[Extracted records]
+ + + + + + +

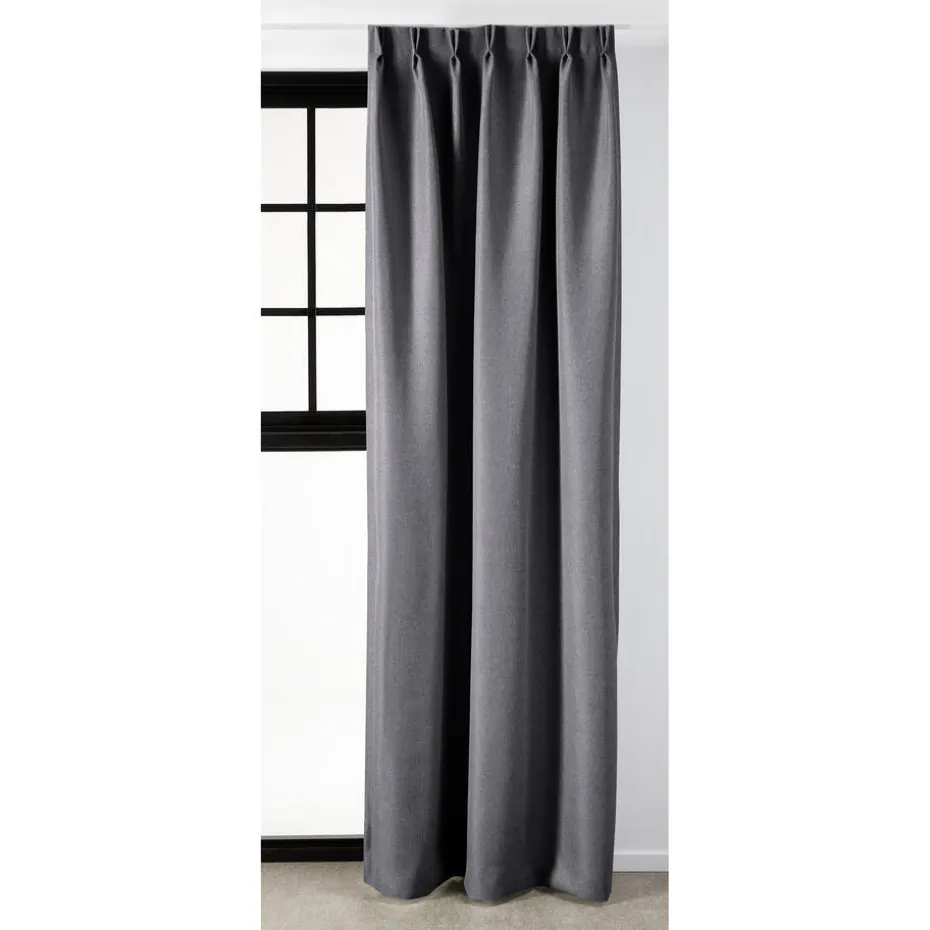Verduisterende geweven gordijnstof antracietkleurig met linnenlook. Stevig, vormvast, slijtvast en kleurvast. Deze soepelvallende, geweven dim-out gordijnstof is tot 80% verduisterend. De stof laat weinig daglicht door maar houdt niet het volledige zonlicht tegen. 148 cm breed.
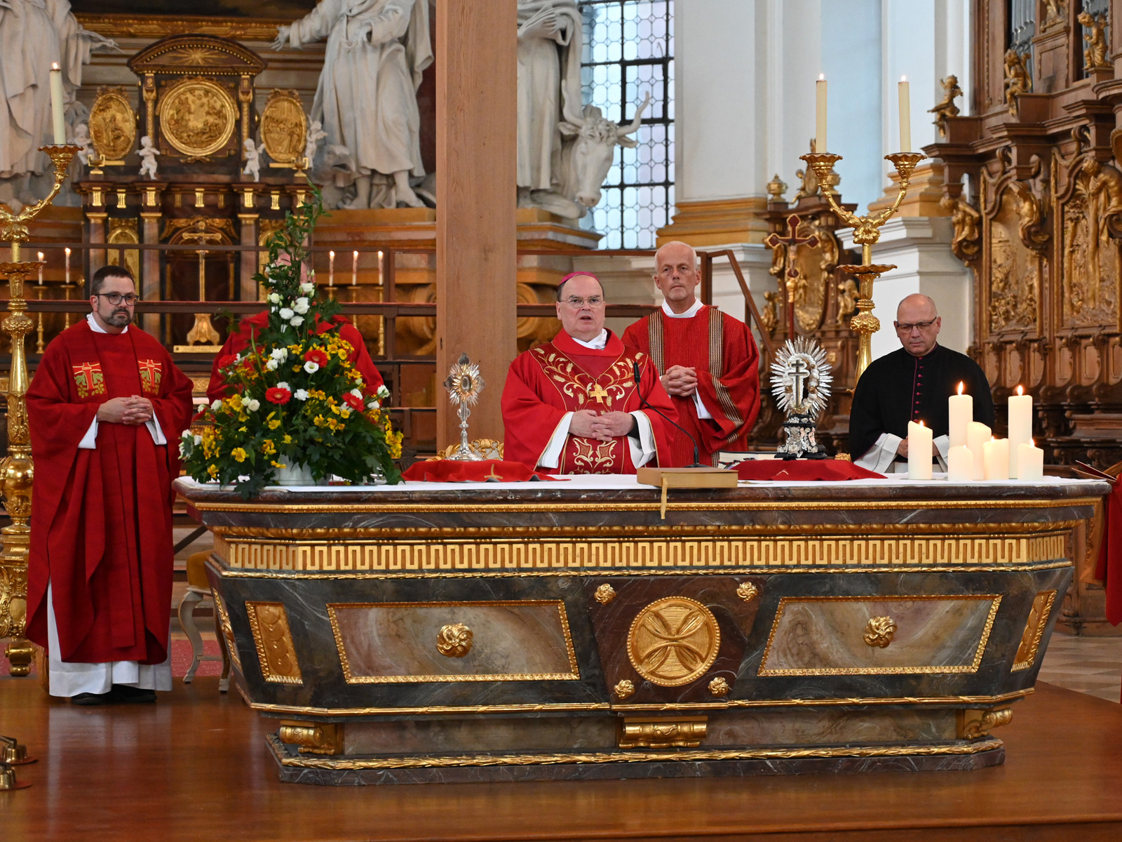 Deshalb stellte Bischof Bertram der Festgemeinde in der Basilika auch eine ganz konkrete Frage: „Denken wir überhaupt noch etwas, wenn wir ein Kreuz sehen beziehungsweise an einem Wegkreuz vorbeigehen – bewegt sich etwas in uns? Sprechen wir ein Gebet, halten wir kurz inne oder verneigen wir uns für einen Moment?“ Viele Menschen wollten sich diesem Anblick nicht allzu lange aussetzen, weil der Gekreuzigte die menschliche Haltung der Wehrlosigkeit so überdeutlich verkörpere. Dennoch verbinde allein das Kreuz Himmel und Erde miteinander.
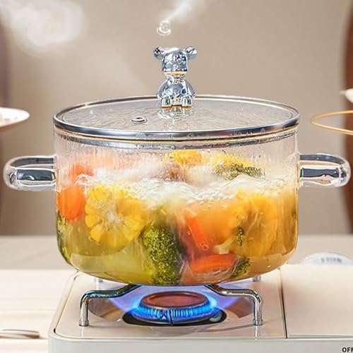 QSLKI 1.5L / 50oz Glas Gryta Med Täck, Grytor Glaskruka Gryta, Värmebeständig Glasspis Matlagning Kruka Med Lock, Pastakruka Köksredskap Stockpots För Matlagning, Bakning, Servering, Soppa, Mjölk
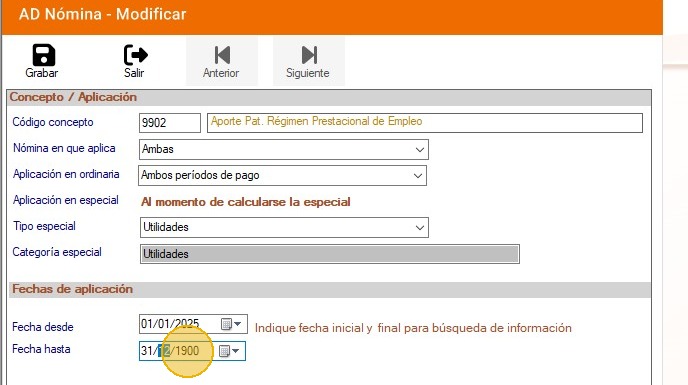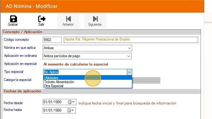 En "Nómina en qué aplica": Selecciona "Ambas".
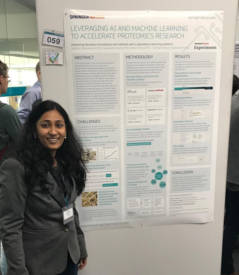 My first event of the day was the late morning pre-conference workshop scheduled for Springer Nature. In my workshop, I focused on Springer Nature Experiments and how its unique features and technologies such as knowledge graphs, smart article indexing, and customized knowledge models support proteomics research and more. The number of attendees was around 30. The participants were impressed with the platform, which I could also see later with the traffic at the booth and the number of participants requesting demos and asking for more information. I gathered a lot of constructive feedback about the product. One of our Springer Books editors Gonzalo Córdova (Medicine and Life Sciences - Books) in the research publishing division also attended the event.
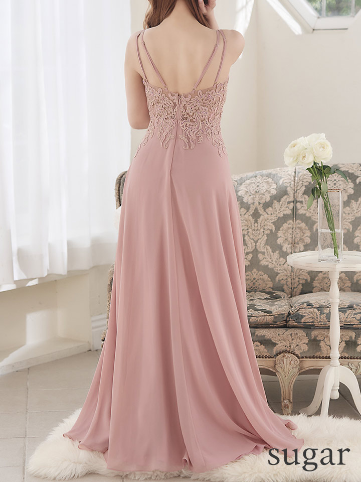 ラインストーン煌めく刺繍レースがエレガントなAラインロングドレス♡
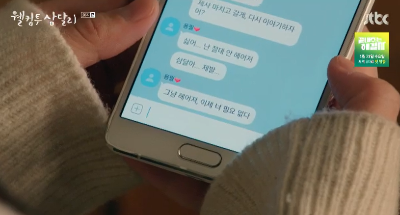 하지만 삼달역시 용필이 싫어서 헤어지자고 했던 것이 아니였기때문에 결국 용필없으면 안되겠다며 용필의 집앞에 와서 울면서 매달리지만 용필은 방에서 숨죽여 울면서 헤어지나는 카톡을 보냈던 것이였습니다.
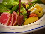 4 звезды с большой натяжкой. 1. Салат «август» не понравился - соус очень жирный и не вкусный, креветки холодные( скорее всего готовили не дня меня, а заранее сделали заготовку) и пресные. Яйца приготовлены хорошо, романо свежий, сочный. 720₽ в чеке, в меню 740₽. 2. Цветы цукини фаршированные кроликом. Звучит интереснее и вкуснее, чем блюдо получилось на самом деле. Цена в меню 880₽, а в чеке пробили 940₽. 3. Паста с лисичками вкусная, пармезан хороший. 620₽ 4. Утиная грудка понравилась, только уж очень маленькая. 920₽ 5. Десерт муссовый «лимон» - на любителя кислого. 480₽ 6. Чай с вишней 460₽ сомнительно, но окей) Мы указали на несоответствия цен в меню и чеке (одно блюдо дороже на 60₽, другое дешевле на 20₽), без всяких ожиданий, а в качестве комплимента мне подарили макаронс. Приятно) Спасибо! P.S. 1. Цены слишком высокие по сравнению с качеством блюд и названием «бистро». 2. Повара работают в футболках, не в кителях. Выкладывают все голыми руками. Когда такое вижу я, доверие к кухне падает. Хотя бы повара на «отдаче блюд» облачить в китель. 3. Специально ехать сюда второй раз не стану.
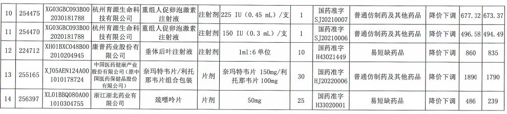 调整部分挂网药品价格信息

+ + + + + + +

▸ PROBLEM REQUIREMENTS:
Give the data above again in full and unchanged, skipping the pictures.

▸ RESULT OF THE EXERCISE:
Verduisterende geweven gordijnstof antracietkleurig met linnenlook. Stevig, vormvast, slijtvast en kleurvast. Deze soepelvallende, geweven dim-out gordijnstof is tot 80% verduisterend. De stof laat weinig daglicht door maar houdt niet het volledige zonlicht tegen. 148 cm breed.
 Deshalb stellte Bischof Bertram der Festgemeinde in der Basilika auch eine ganz konkrete Frage: „Denken wir überhaupt noch etwas, wenn wir ein Kreuz sehen beziehungsweise an einem Wegkreuz vorbeigehen – bewegt sich etwas in uns? Sprechen wir ein Gebet, halten wir kurz inne oder verneigen wir uns für einen Moment?“ Viele Menschen wollten sich diesem Anblick nicht allzu lange aussetzen, weil der Gekreuzigte die menschliche Haltung der Wehrlosigkeit so überdeutlich verkörpere. Dennoch verbinde allein das Kreuz Himmel und Erde miteinander.
 QSLKI 1.5L / 50oz Glas Gryta Med Täck, Grytor Glaskruka Gryta, Värmebeständig Glasspis Matlagning Kruka Med Lock, Pastakruka Köksredskap Stockpots För Matlagning, Bakning, Servering, Soppa, Mjölk
 En "Nómina en qué aplica": Selecciona "Ambas".
 My first event of the day was the late morning pre-conference workshop scheduled for Springer Nature. In my workshop, I focused on Springer Nature Experiments and how its unique features and technologies such as knowledge graphs, smart article indexing, and customized knowledge models support proteomics research and more. The number of attendees was around 30. The participants were impressed with the platform, which I could also see later with the traffic at the booth and the number of participants requesting demos and asking for more information. I gathered a lot of constructive feedback about the product. One of our Springer Books editors Gonzalo Córdova (Medicine and Life Sciences - Books) in the research publishing division also attended the event.
 ラインストーン煌めく刺繍レースがエレガントなAラインロングドレス♡
 하지만 삼달역시 용필이 싫어서 헤어지자고 했던 것이 아니였기때문에 결국 용필없으면 안되겠다며 용필의 집앞에 와서 울면서 매달리지만 용필은 방에서 숨죽여 울면서 헤어지나는 카톡을 보냈던 것이였습니다.
 4 звезды с большой натяжкой. 1. Салат «август» не понравился - соус очень жирный и не вкусный, креветки холодные( скорее всего готовили не дня меня, а заранее сделали заготовку) и пресные. Яйца приготовлены хорошо, романо свежий, сочный. 720₽ в чеке, в меню 740₽. 2. Цветы цукини фаршированные кроликом. Звучит интереснее и вкуснее, чем блюдо получилось на самом деле. Цена в меню 880₽, а в чеке пробили 940₽. 3. Паста с лисичками вкусная, пармезан хороший. 620₽ 4. Утиная грудка понравилась, только уж очень маленькая. 920₽ 5. Десерт муссовый «лимон» - на любителя кислого. 480₽ 6. Чай с вишней 460₽ сомнительно, но окей) Мы указали на несоответствия цен в меню и чеке (одно блюдо дороже на 60₽, другое дешевле на 20₽), без всяких ожиданий, а в качестве комплимента мне подарили макаронс. Приятно) Спасибо! P.S. 1. Цены слишком высокие по сравнению с качеством блюд и названием «бистро». 2. Повара работают в футболках, не в кителях. Выкладывают все голыми руками. Когда такое вижу я, доверие к кухне падает. Хотя бы повара на «отдаче блюд» облачить в китель. 3. Специально ехать сюда второй раз не стану.
 调整部分挂网药品价格信息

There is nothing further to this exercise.